■ Problem to work on
Transcribe only the lines from the one containing "Keywords- Renewable energy, Solar" through the final line of the entries below, exactly, and exclude the pictures.

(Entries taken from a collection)
++++++
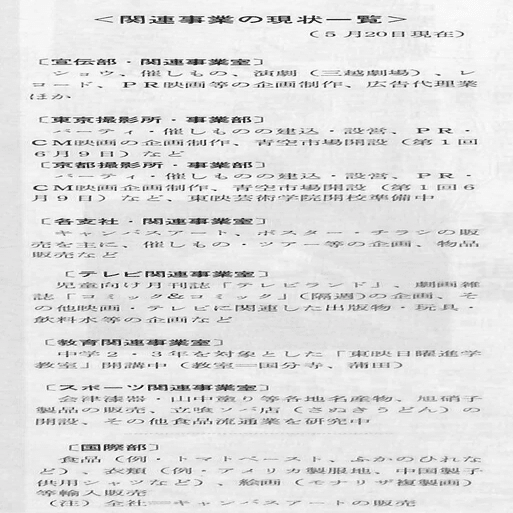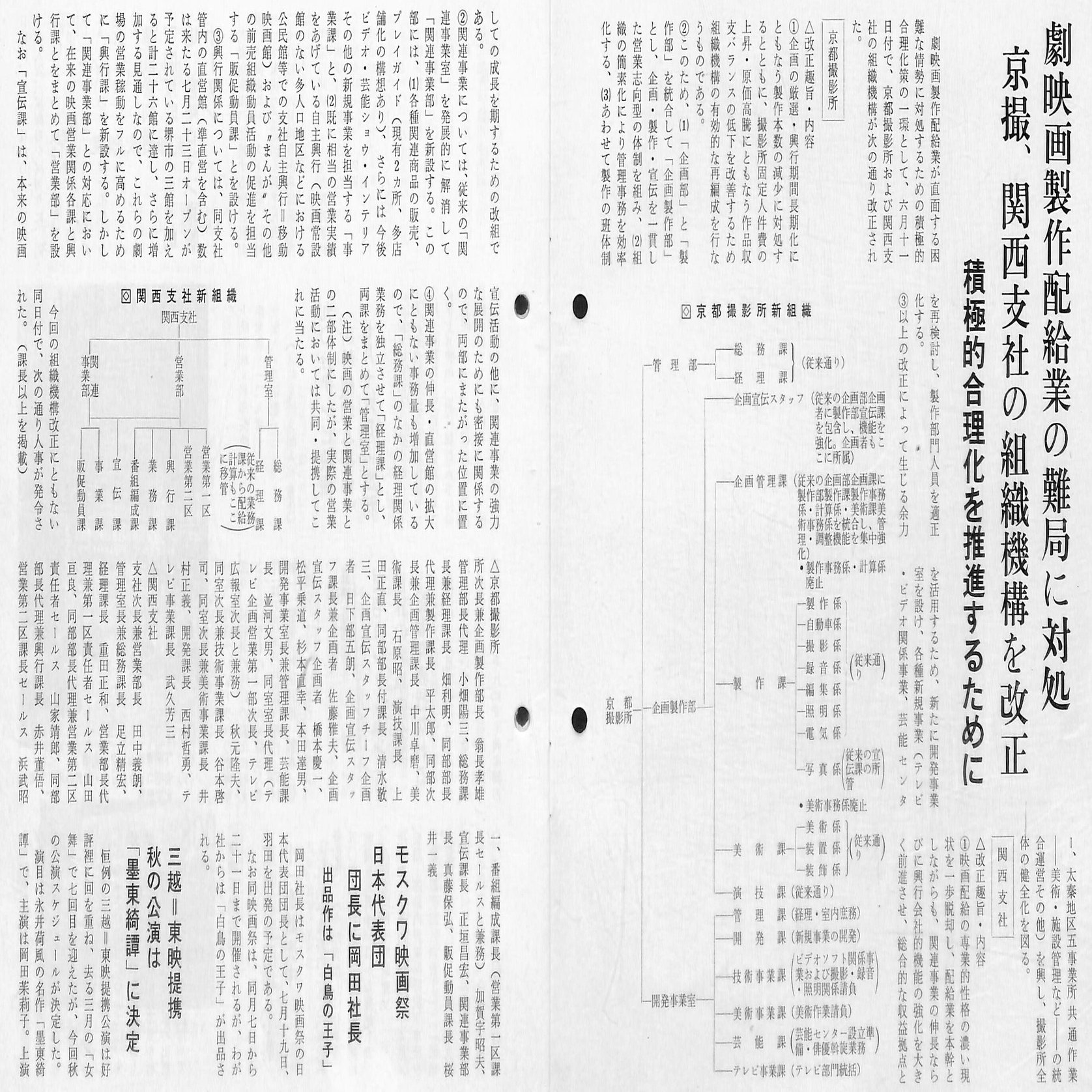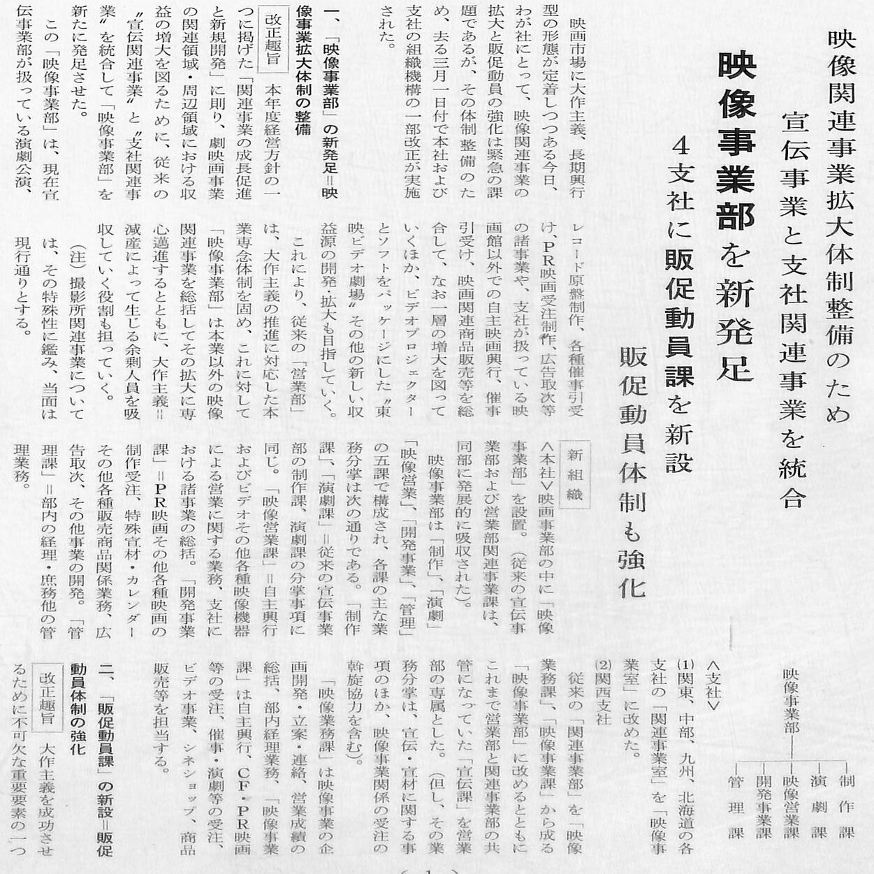 関東、中部、九州、北海道各支社の「関連事業室」は「映像事業室」となり、「関西支社」では従来の「関連事業部」を「映像事業部」に改め、映像事業の管理・連絡を行う「映像業務課」と自主興行、PR映画・CM制作の受注、催事演劇等の受注、ビデオ事業、シネショップ、商品販売等を担当する「映像事業課」を置きました。
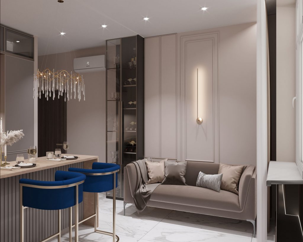 Декоративная подсветка в виде бра на стене и встроенные светильники на потолке создают акцентное освещение, подчеркивая основные зоны комнаты. Барные стулья и столовая зона были компактно вписаны в пространство, обеспечивая функциональность без ущерба для эстетики.
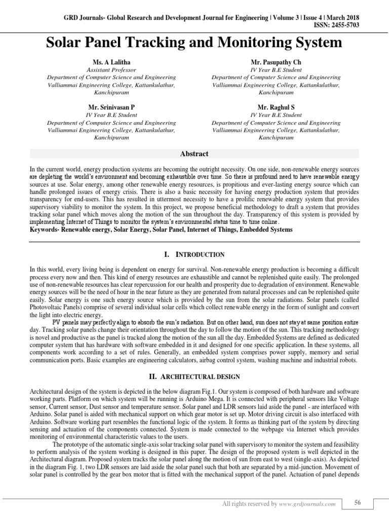 Keywords- Renewable energy, Solar Energy, Solar Panel, Internet of Things, Embedded Systems
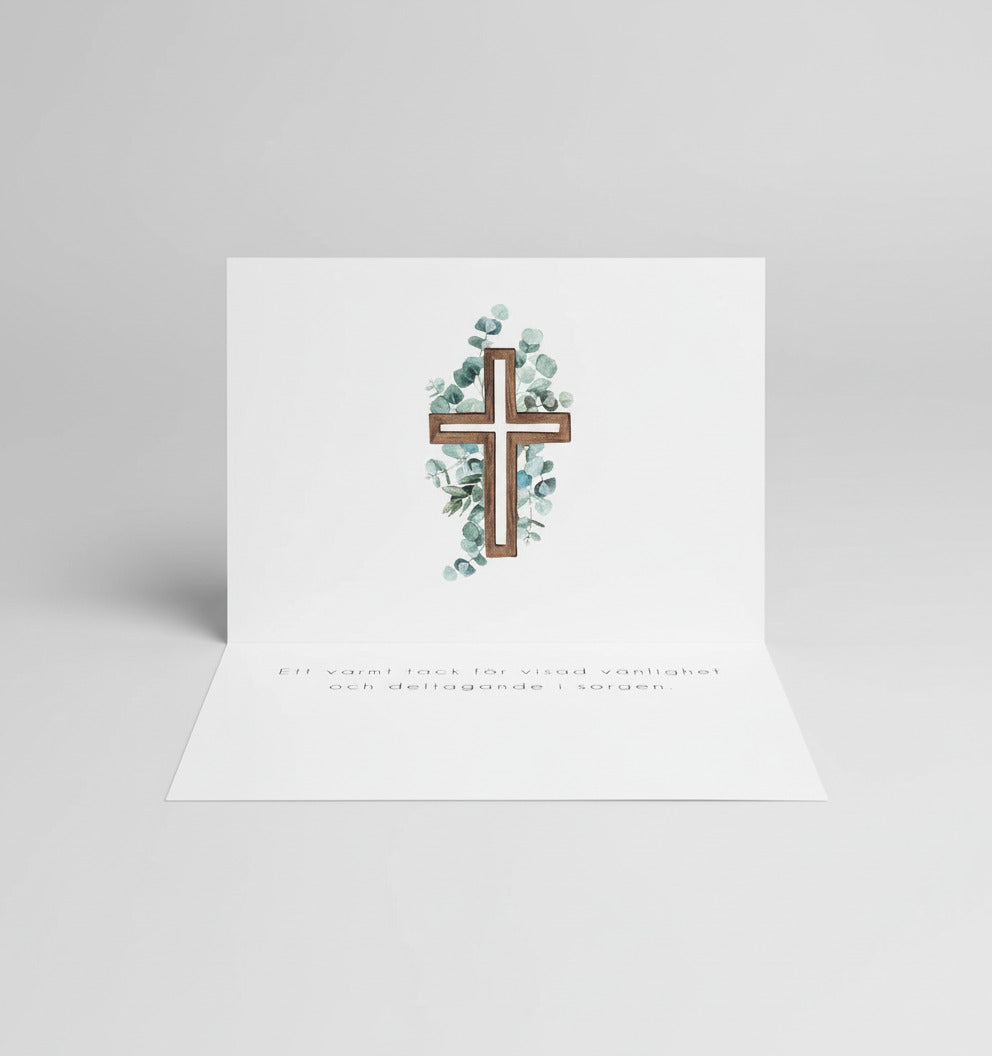 Visa din uppskattning med dessa färdiga tackkort till efter begravningen, elegant illustrerade med eucalyptus på kors i akvarell – en symbol för frid, tro och minne.
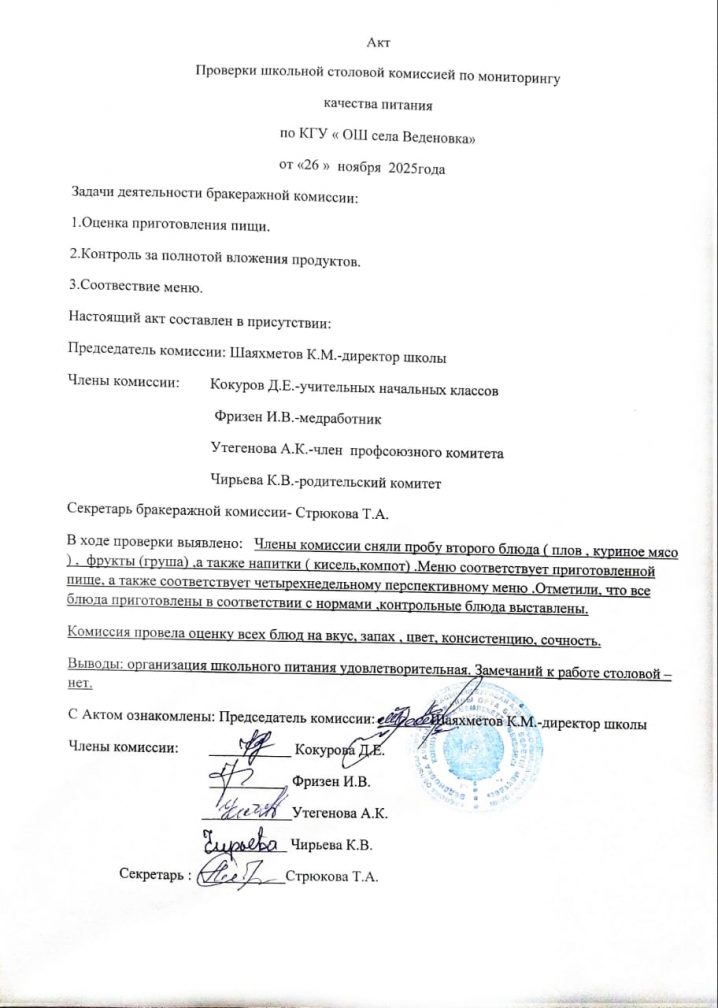 26.11.2025 ж. тамақтану сапасын мониторингілеу жөніндегі мектеп асханасының тексеру актісі
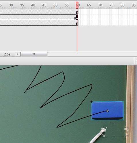 7、在黑板擦圖層的第60幀插入關鍵幀,然后將這幀上的黑板擦移到路徑的另一個端點,并且對齊同上。如下圖所示:
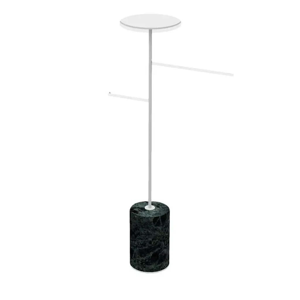 Defined by a captivatingly airy silhouette in black anthracite-lacquered iron, this coat hanger and rack will be an optimal solution for a contemporary entryway, living room, or bedroom decor. Resting on a round base and topped with a round tray, its slim, 1m-tall stem is equipped with two horizontal coat bars. Customizable in lacquer and available in a range of marbles for the base, please ask for options and pricing details.
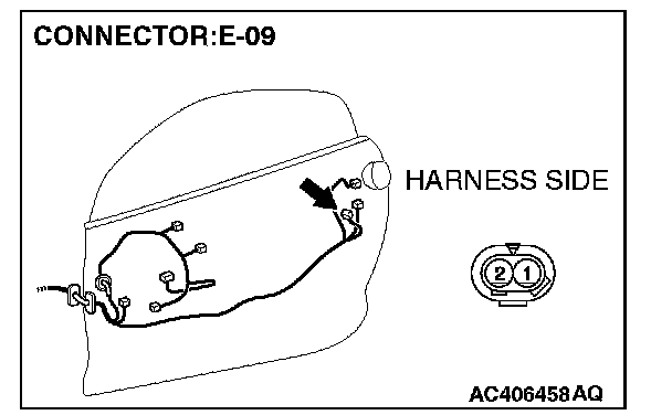 STEP 13. Check the wiring harness between power window motor (LH) connector E-16 (terminal 2)and outside handle switch (LH) connector E-09 (terminal 2).
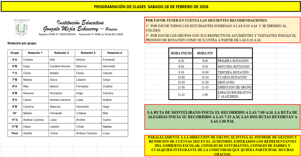 Programación de actividades sábado 28 de febrero de 2026
++++++
■ Reply
 Keywords- Renewable energy, Solar Energy, Solar Panel, Internet of Things, Embedded Systems
 Visa din uppskattning med dessa färdiga tackkort till efter begravningen, elegant illustrerade med eucalyptus på kors i akvarell – en symbol för frid, tro och minne.
 26.11.2025 ж. тамақтану сапасын мониторингілеу жөніндегі мектеп асханасының тексеру актісі
 7、在黑板擦圖層的第60幀插入關鍵幀,然后將這幀上的黑板擦移到路徑的另一個端點,并且對齊同上。如下圖所示:
 Defined by a captivatingly airy silhouette in black anthracite-lacquered iron, this coat hanger and rack will be an optimal solution for a contemporary entryway, living room, or bedroom decor. Resting on a round base and topped with a round tray, its slim, 1m-tall stem is equipped with two horizontal coat bars. Customizable in lacquer and available in a range of marbles for the base, please ask for options and pricing details.
 STEP 13. Check the wiring harness between power window motor (LH) connector E-16 (terminal 2)and outside handle switch (LH) connector E-09 (terminal 2).
 Programación de actividades sábado 28 de febrero de 2026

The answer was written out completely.